__GIVEN MATERIAL__

::::::::::

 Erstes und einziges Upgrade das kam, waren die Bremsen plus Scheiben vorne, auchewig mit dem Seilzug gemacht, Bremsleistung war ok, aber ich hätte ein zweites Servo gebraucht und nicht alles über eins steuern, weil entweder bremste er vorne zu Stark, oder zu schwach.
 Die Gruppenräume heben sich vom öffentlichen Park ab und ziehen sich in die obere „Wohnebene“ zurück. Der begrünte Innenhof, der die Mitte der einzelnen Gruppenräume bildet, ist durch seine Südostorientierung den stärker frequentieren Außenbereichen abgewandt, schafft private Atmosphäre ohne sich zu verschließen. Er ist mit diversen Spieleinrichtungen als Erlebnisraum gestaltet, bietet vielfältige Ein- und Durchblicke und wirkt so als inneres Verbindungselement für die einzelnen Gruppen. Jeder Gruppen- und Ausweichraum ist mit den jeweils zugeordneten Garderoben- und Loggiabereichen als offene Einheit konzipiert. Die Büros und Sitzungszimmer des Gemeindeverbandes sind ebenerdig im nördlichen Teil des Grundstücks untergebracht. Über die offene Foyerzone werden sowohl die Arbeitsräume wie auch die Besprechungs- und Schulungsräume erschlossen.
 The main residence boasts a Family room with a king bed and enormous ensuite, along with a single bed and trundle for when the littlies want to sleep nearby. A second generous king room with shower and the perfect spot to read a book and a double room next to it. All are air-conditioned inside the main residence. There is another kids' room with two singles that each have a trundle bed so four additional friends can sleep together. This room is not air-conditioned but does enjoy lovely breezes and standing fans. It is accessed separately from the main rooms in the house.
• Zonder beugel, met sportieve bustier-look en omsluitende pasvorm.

::::::::::

__PROBLEM DESCRIPTION__
Exact lines only, please: output the listing from the first line to the line with "Die Gruppenräume heben", both included.

__ANSWER FOR THIS EXERCISE__
 Erstes und einziges Upgrade das kam, waren die Bremsen plus Scheiben vorne, auchewig mit dem Seilzug gemacht, Bremsleistung war ok, aber ich hätte ein zweites Servo gebraucht und nicht alles über eins steuern, weil entweder bremste er vorne zu Stark, oder zu schwach.
 Die Gruppenräume heben sich vom öffentlichen Park ab und ziehen sich in die obere „Wohnebene“ zurück. Der begrünte Innenhof, der die Mitte der einzelnen Gruppenräume bildet, ist durch seine Südostorientierung den stärker frequentieren Außenbereichen abgewandt, schafft private Atmosphäre ohne sich zu verschließen. Er ist mit diversen Spieleinrichtungen als Erlebnisraum gestaltet, bietet vielfältige Ein- und Durchblicke und wirkt so als inneres Verbindungselement für die einzelnen Gruppen. Jeder Gruppen- und Ausweichraum ist mit den jeweils zugeordneten Garderoben- und Loggiabereichen als offene Einheit konzipiert. Die Büros und Sitzungszimmer des Gemeindeverbandes sind ebenerdig im nördlichen Teil des Grundstücks untergebracht. Über die offene Foyerzone werden sowohl die Arbeitsräume wie auch die Besprechungs- und Schulungsräume erschlossen.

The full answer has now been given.